§ Goal of the exercise: Copy out exactly the stretch below, from the line with "Брюки + Скинни" through the line with "Красный острый перец, связанный", both included; the pictures stay out.

§ Provided records:
____________________
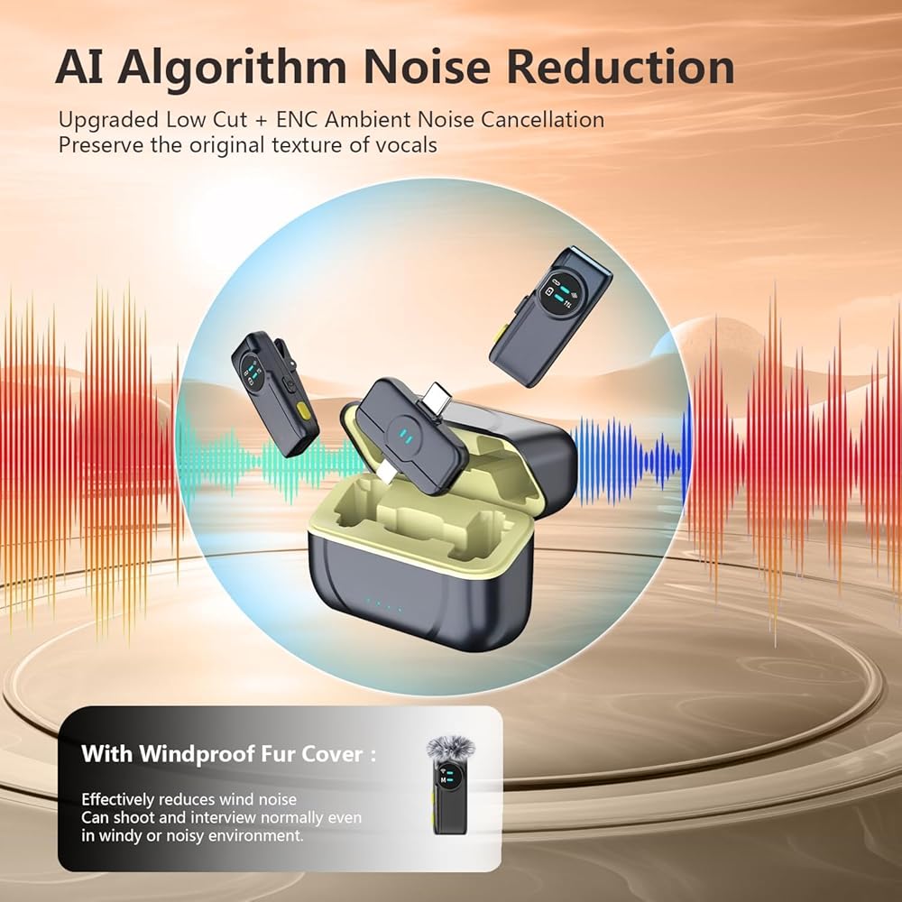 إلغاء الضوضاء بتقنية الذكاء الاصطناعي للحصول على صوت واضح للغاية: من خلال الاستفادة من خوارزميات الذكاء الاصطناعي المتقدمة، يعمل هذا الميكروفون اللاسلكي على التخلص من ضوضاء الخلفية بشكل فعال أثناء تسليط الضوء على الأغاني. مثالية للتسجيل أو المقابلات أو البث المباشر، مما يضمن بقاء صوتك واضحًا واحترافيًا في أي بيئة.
____________________
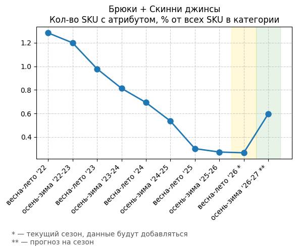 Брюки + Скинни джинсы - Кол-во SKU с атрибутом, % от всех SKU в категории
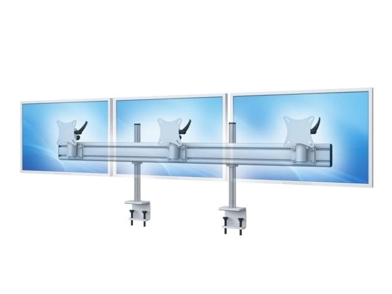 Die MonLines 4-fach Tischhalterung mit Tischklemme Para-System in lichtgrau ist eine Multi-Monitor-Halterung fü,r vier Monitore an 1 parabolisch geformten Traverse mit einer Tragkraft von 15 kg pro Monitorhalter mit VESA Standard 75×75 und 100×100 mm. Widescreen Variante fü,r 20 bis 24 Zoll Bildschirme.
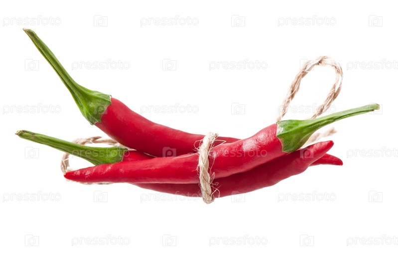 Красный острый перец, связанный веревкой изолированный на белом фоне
____________________
§ Exercise result:
 Брюки + Скинни джинсы - Кол-во SKU с атрибутом, % от всех SKU в категории
 Die MonLines 4-fach Tischhalterung mit Tischklemme Para-System in lichtgrau ist eine Multi-Monitor-Halterung fü,r vier Monitore an 1 parabolisch geformten Traverse mit einer Tragkraft von 15 kg pro Monitorhalter mit VESA Standard 75×75 und 100×100 mm. Widescreen Variante fü,r 20 bis 24 Zoll Bildschirme.
 Красный острый перец, связанный веревкой изолированный на белом фоне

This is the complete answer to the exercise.